◆ RECORDED DATA ◆
=====

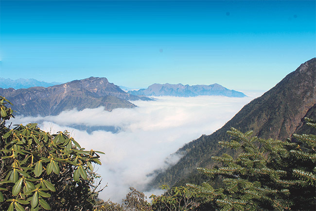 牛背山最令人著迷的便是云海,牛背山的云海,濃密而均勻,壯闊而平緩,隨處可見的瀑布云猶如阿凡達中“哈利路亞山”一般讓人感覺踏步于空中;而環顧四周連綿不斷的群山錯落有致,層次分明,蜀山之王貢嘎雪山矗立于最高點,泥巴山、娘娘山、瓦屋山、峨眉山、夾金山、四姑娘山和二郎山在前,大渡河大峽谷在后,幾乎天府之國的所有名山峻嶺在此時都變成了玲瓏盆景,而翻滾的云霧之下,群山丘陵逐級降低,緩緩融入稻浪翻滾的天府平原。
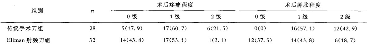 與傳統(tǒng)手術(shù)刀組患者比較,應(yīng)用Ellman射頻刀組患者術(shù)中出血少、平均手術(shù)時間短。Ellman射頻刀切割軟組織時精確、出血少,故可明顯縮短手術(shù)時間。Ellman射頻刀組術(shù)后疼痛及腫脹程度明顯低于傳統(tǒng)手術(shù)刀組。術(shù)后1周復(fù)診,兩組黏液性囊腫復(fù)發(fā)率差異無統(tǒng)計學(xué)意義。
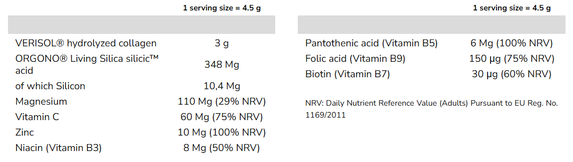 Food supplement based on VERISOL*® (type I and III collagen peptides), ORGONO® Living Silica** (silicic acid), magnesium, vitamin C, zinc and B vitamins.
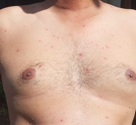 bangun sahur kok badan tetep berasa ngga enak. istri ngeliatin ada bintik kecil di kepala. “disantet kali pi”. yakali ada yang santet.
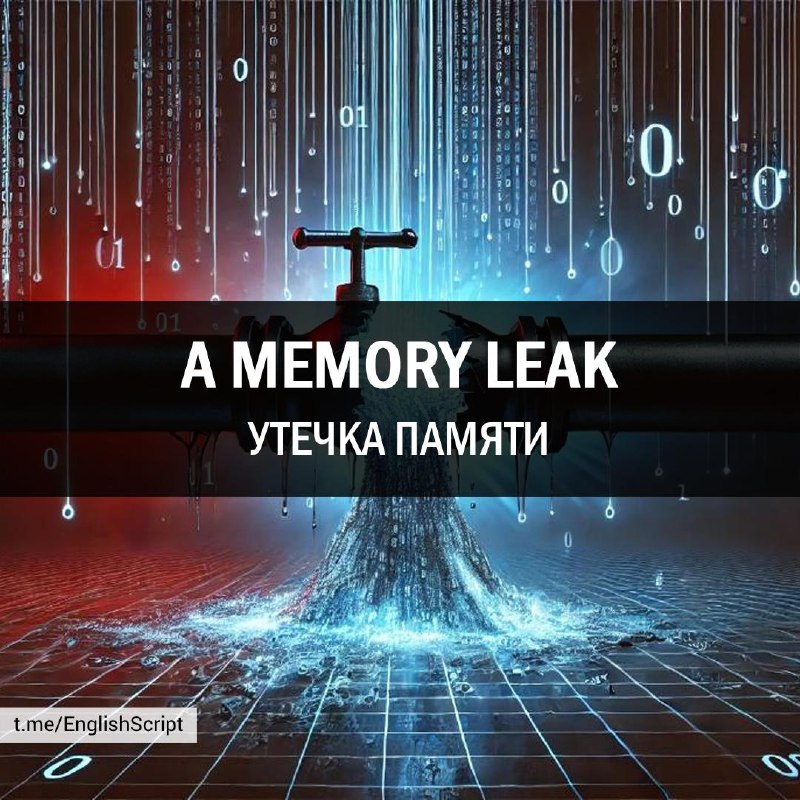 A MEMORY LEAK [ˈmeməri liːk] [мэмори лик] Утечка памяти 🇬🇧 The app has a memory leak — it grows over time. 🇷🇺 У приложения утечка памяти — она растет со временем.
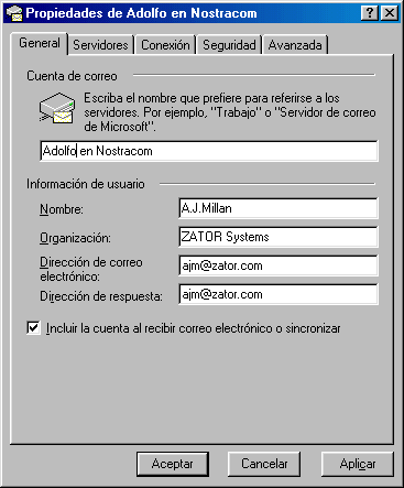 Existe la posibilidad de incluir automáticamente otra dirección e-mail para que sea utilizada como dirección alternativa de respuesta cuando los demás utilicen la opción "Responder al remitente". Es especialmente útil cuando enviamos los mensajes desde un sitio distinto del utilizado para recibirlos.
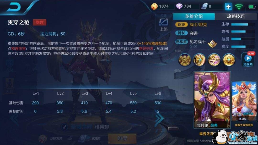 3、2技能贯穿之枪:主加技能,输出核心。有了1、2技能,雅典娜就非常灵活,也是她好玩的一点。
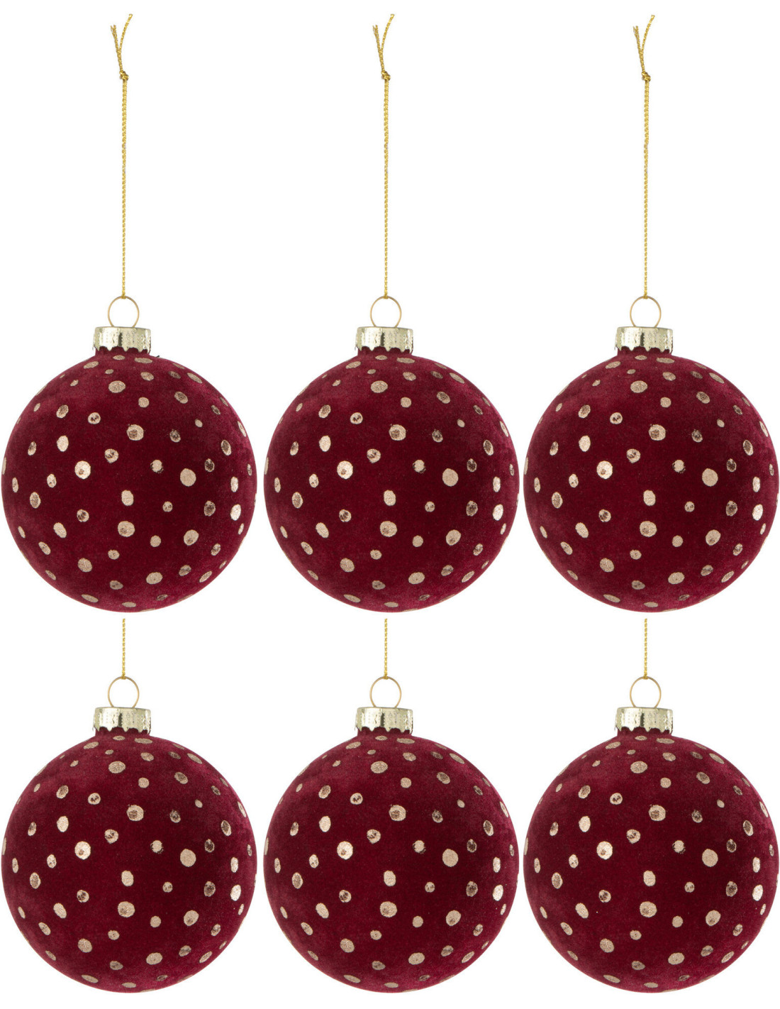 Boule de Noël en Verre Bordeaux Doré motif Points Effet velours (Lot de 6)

=====

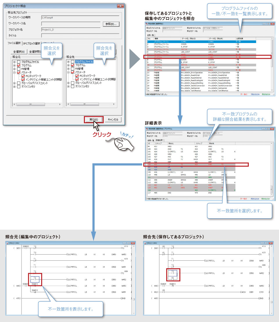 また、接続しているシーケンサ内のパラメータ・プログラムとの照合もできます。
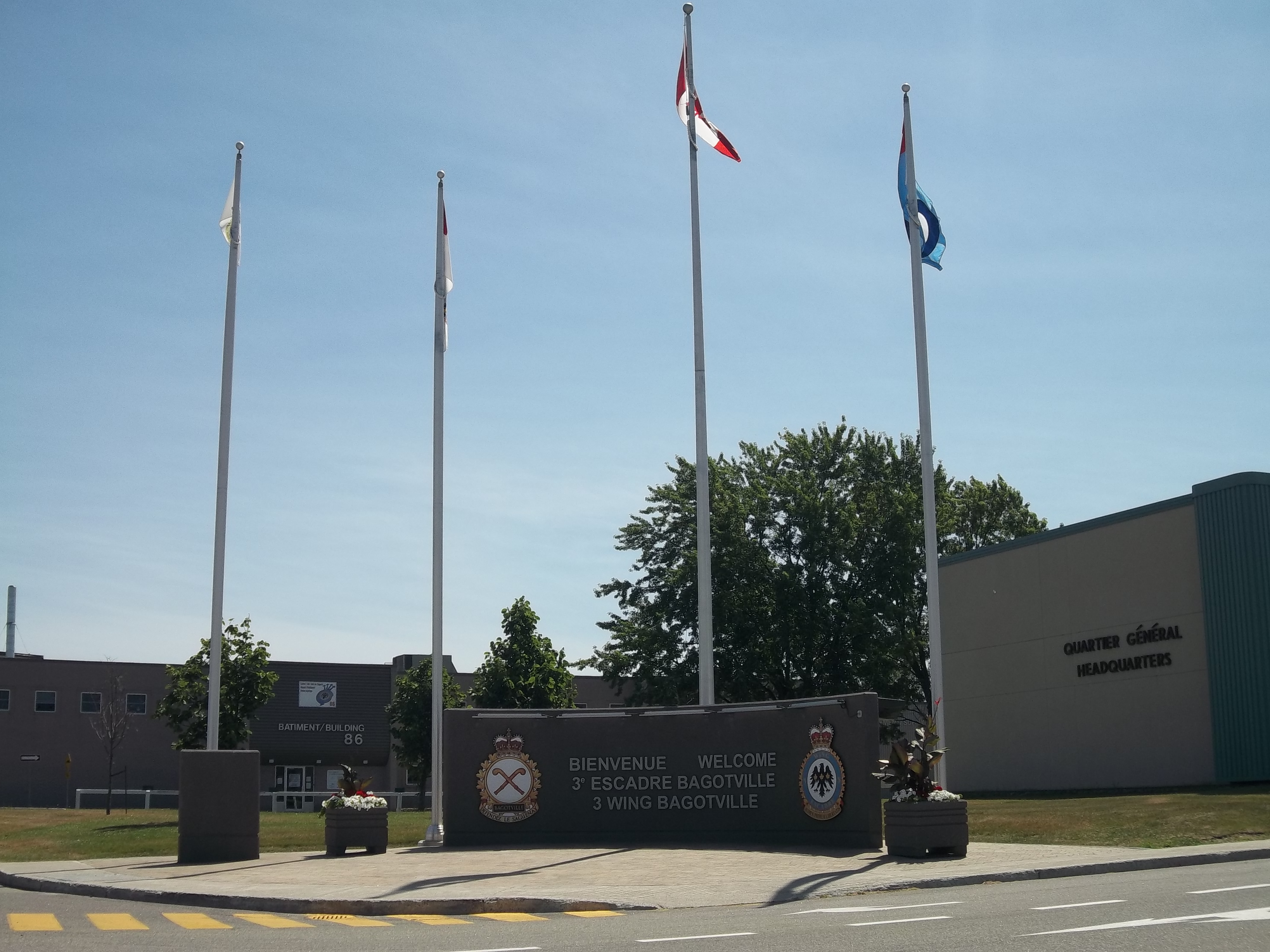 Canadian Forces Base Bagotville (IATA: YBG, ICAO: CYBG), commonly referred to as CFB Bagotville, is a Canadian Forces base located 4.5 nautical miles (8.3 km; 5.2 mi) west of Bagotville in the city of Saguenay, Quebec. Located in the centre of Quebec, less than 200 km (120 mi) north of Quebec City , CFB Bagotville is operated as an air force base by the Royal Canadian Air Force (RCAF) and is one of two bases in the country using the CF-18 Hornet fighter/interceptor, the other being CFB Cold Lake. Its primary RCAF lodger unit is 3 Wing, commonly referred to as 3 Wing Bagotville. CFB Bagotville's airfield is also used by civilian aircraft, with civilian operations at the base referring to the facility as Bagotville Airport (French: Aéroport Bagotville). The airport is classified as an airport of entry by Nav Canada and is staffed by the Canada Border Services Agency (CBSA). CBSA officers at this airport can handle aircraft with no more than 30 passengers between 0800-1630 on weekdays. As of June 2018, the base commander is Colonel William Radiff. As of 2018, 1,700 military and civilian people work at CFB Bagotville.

=====

◆ WHAT THIS TASK INVOLVES ◆
Your reply should hold nothing but the lines above, from the one containing "Existe la posibilidad" to the one containing "3、2技能贯穿之枪:主加技能", reproduced exactly minus the pictures.

◆ OUTPUT FOR THIS EXERCISE ◆
 Existe la posibilidad de incluir automáticamente otra dirección e-mail para que sea utilizada como dirección alternativa de respuesta cuando los demás utilicen la opción "Responder al remitente". Es especialmente útil cuando enviamos los mensajes desde un sitio distinto del utilizado para recibirlos.
 3、2技能贯穿之枪:主加技能,输出核心。有了1、2技能,雅典娜就非常灵活,也是她好玩的一点。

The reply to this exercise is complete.